If a line holds an image, leave the image out; write out everything else in the records exactly.

Information supplied:
□ □ □ □ □ □ □
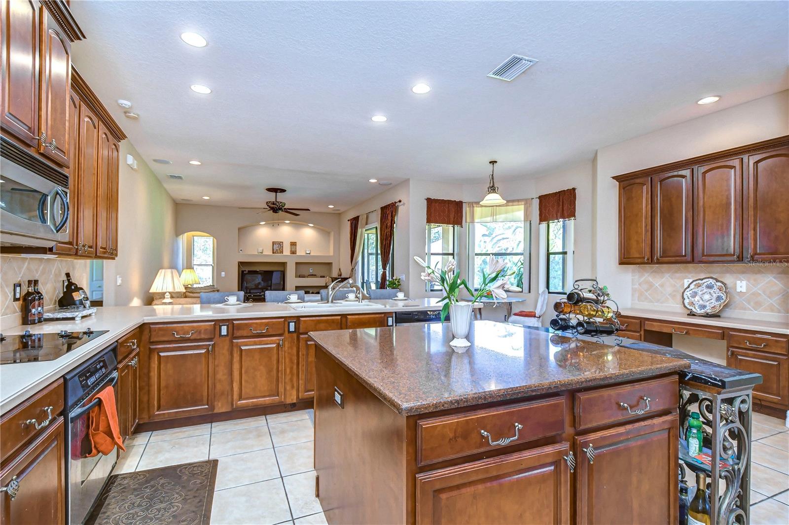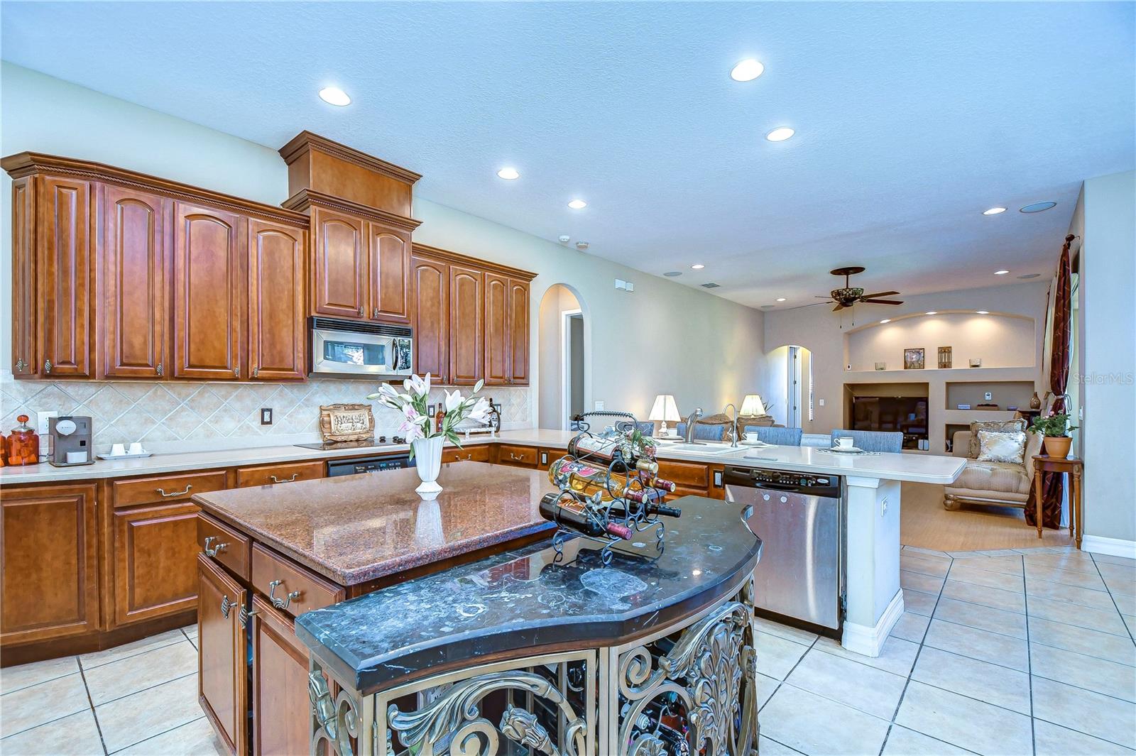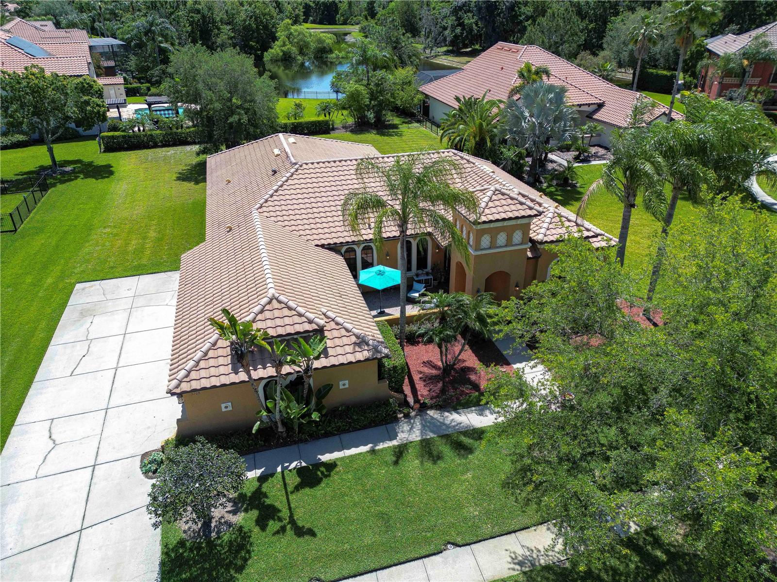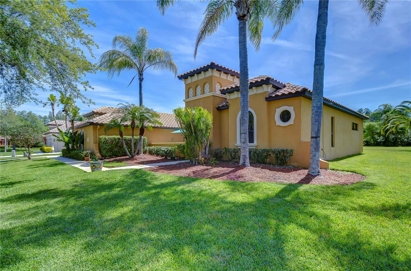 Step into this exquisite Mediterranean-style executive residence, nestled within the prestigious confines of Ballastone, an Oakstead gated community. Situated on an expansive cul-de-sac lot spanning nearly half an acre, this home presents a 3-car side entry garage complemented by an oversized driveway and parking pad. As you approach, graceful palm trees sway gently, framing a meticulously maintained emerald-green lawn. Adding to the grandeur of the exterior is an open brick-paved private patio—a serene spot to enjoy your morning coffee. Passing through archways beneath a barrel tile roof, you're greeted by an inviting entry adorned with a decorative glass front door, accompanied by a side window, and an arched transom window above. NEW A/C March 30, 2022! NEWER Water Heater January 30, 2018! NEW Dishwasher 2025! NEW Carpet in 2 Guest Bedrooms! Inside, architectural features include elegant archways, art niches, rounded corner bead walls, 8-foot doors, and an open-concept floor plan encompassing 2,573 sq ft. To the right of the tiled foyer with a floor medallion, a versatile office/study awaits. The dining room sits to the left of the foyer, while the living room lies straight ahead, boasting triple sliding doors opening onto the lanai. The heart of the home is the gourmet kitchen—a haven for culinary enthusiasts. It showcases richly appointed 42-inch wood raised panel cabinets topped with rope trim and crown molding, Corian counters, tile backsplash, and a center island Quartz topped and has ample cabinet and drawer space. Stainless steel appliances include a smooth cooktop and oven, double-door refrigerator, dishwasher, and microwave, complemented by a counter-height breakfast bar for casual dining. Adjacent to the kitchen, the café dining area features triple windows overlooking the lanai. The family room boasts a built-in media center and triple sliding glass doors leading to the wraparound screened lanai and expansive backyard. The owner's retreat beckons with an inviting alcove entrance, sliding glass doors opening onto the lanai, and double closets leading to the ensuite bath. The bath comprises a double vanity, tiled shower with coordinating Listello pattern, a deep soaking jetted tub, a walk-in closet, and a private water closet. Additional generously sized bedrooms are arranged in a 3-way split, offering ample closet space. Oakstead provides outstanding amenities, events, and activities for family entertainment, including a Clubhouse, fitness center, event spaces suitable for special occasions, a 165,000-gallon saltwater pool complete with a waterslide, sundeck, shaded areas, 3 tennis courts, volleyball and basketball courts, ball field, and covered playground. With easy access to major highways including the Suncoast Expressway, dining, sports, and entertainment options, The Shops at Wiregrass, and Tampa Premium Outlets, this home offers an unparalleled lifestyle. Don’t miss out—schedule your appointment today! Bedroom Closet Type: Built In Closet (Primary Bedroom).
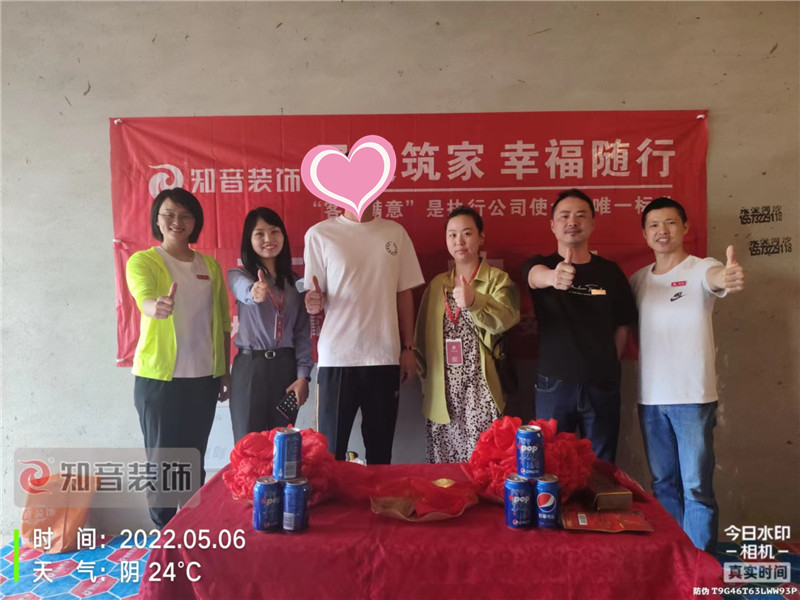 經(jīng)過原屋儉收,電梯公共過道保護(hù),鏟除墻皮,黃墻綠地保護(hù),全房放線定位,全房放樣安全后知音裝飾為每戶業(yè)主舉行隆重的開工儀式以表慶賀
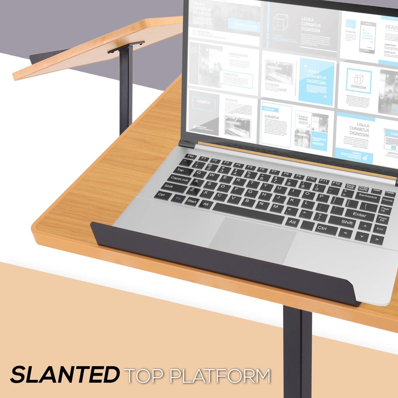 • SLANTED TOP PLATFORM: The podium stand features slanted top platform w/ edge stopper allowing safe placement of electronic devices and appliances such as laptop, monitor or projector and to keep pens, teaching tools, notes, books and reports in place
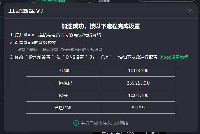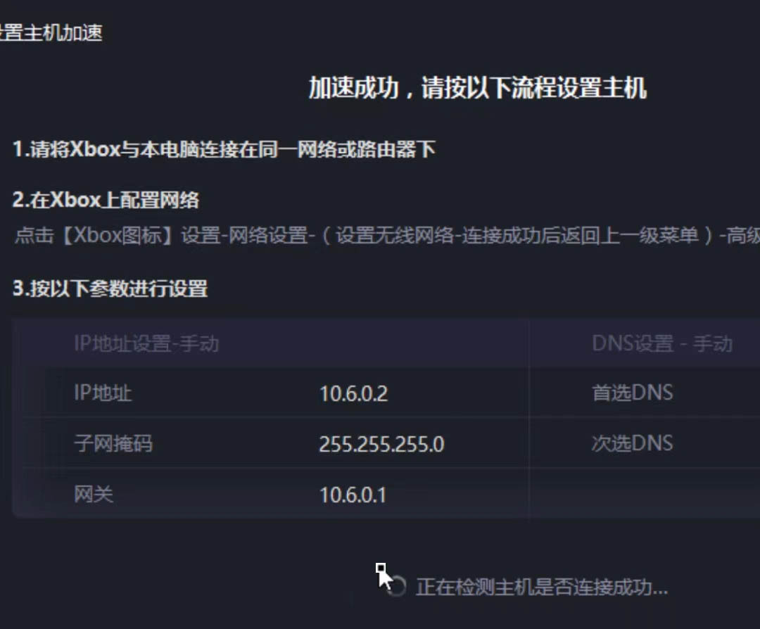 一种是网关地址和终端地址给出来的是在同一个子网段的(即子网掩码为 255.255.255.0 的)就都正常使用。比如:Windows上运行加速器之后出现的网关地址是10.6.0.1,XBOX上设置为 10.6.0.2 之类的。如下图:
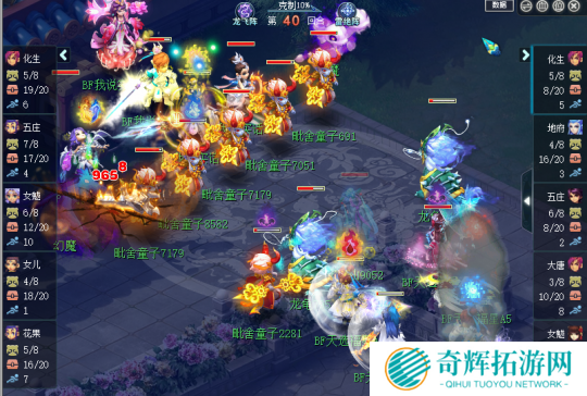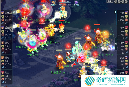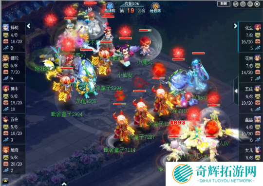 50回合狂吃不肥五庄开始给3输出加上天地同寿来免疫封印,节约五龙丹,但这也给山下凡人机会,山下凡人花果利用速度优势飞机不断击倒狂吃不胖的输出,给狂吃不怕拉人的压力,逼迫其将所有攻宝宝全部换成拉人孩子。
□ □ □ □ □ □ □
Task response:
 Step into this exquisite Mediterranean-style executive residence, nestled within the prestigious confines of Ballastone, an Oakstead gated community. Situated on an expansive cul-de-sac lot spanning nearly half an acre, this home presents a 3-car side entry garage complemented by an oversized driveway and parking pad. As you approach, graceful palm trees sway gently, framing a meticulously maintained emerald-green lawn. Adding to the grandeur of the exterior is an open brick-paved private patio—a serene spot to enjoy your morning coffee. Passing through archways beneath a barrel tile roof, you're greeted by an inviting entry adorned with a decorative glass front door, accompanied by a side window, and an arched transom window above. NEW A/C March 30, 2022! NEWER Water Heater January 30, 2018! NEW Dishwasher 2025! NEW Carpet in 2 Guest Bedrooms! Inside, architectural features include elegant archways, art niches, rounded corner bead walls, 8-foot doors, and an open-concept floor plan encompassing 2,573 sq ft. To the right of the tiled foyer with a floor medallion, a versatile office/study awaits. The dining room sits to the left of the foyer, while the living room lies straight ahead, boasting triple sliding doors opening onto the lanai. The heart of the home is the gourmet kitchen—a haven for culinary enthusiasts. It showcases richly appointed 42-inch wood raised panel cabinets topped with rope trim and crown molding, Corian counters, tile backsplash, and a center island Quartz topped and has ample cabinet and drawer space. Stainless steel appliances include a smooth cooktop and oven, double-door refrigerator, dishwasher, and microwave, complemented by a counter-height breakfast bar for casual dining. Adjacent to the kitchen, the café dining area features triple windows overlooking the lanai. The family room boasts a built-in media center and triple sliding glass doors leading to the wraparound screened lanai and expansive backyard. The owner's retreat beckons with an inviting alcove entrance, sliding glass doors opening onto the lanai, and double closets leading to the ensuite bath. The bath comprises a double vanity, tiled shower with coordinating Listello pattern, a deep soaking jetted tub, a walk-in closet, and a private water closet. Additional generously sized bedrooms are arranged in a 3-way split, offering ample closet space. Oakstead provides outstanding amenities, events, and activities for family entertainment, including a Clubhouse, fitness center, event spaces suitable for special occasions, a 165,000-gallon saltwater pool complete with a waterslide, sundeck, shaded areas, 3 tennis courts, volleyball and basketball courts, ball field, and covered playground. With easy access to major highways including the Suncoast Expressway, dining, sports, and entertainment options, The Shops at Wiregrass, and Tampa Premium Outlets, this home offers an unparalleled lifestyle. Don’t miss out—schedule your appointment today! Bedroom Closet Type: Built In Closet (Primary Bedroom).
 經(jīng)過原屋儉收,電梯公共過道保護(hù),鏟除墻皮,黃墻綠地保護(hù),全房放線定位,全房放樣安全后知音裝飾為每戶業(yè)主舉行隆重的開工儀式以表慶賀
 • SLANTED TOP PLATFORM: The podium stand features slanted top platform w/ edge stopper allowing safe placement of electronic devices and appliances such as laptop, monitor or projector and to keep pens, teaching tools, notes, books and reports in place
 一种是网关地址和终端地址给出来的是在同一个子网段的(即子网掩码为 255.255.255.0 的)就都正常使用。比如:Windows上运行加速器之后出现的网关地址是10.6.0.1,XBOX上设置为 10.6.0.2 之类的。如下图:
 50回合狂吃不肥五庄开始给3输出加上天地同寿来免疫封印,节约五龙丹,但这也给山下凡人机会,山下凡人花果利用速度优势飞机不断击倒狂吃不胖的输出,给狂吃不怕拉人的压力,逼迫其将所有攻宝宝全部换成拉人孩子。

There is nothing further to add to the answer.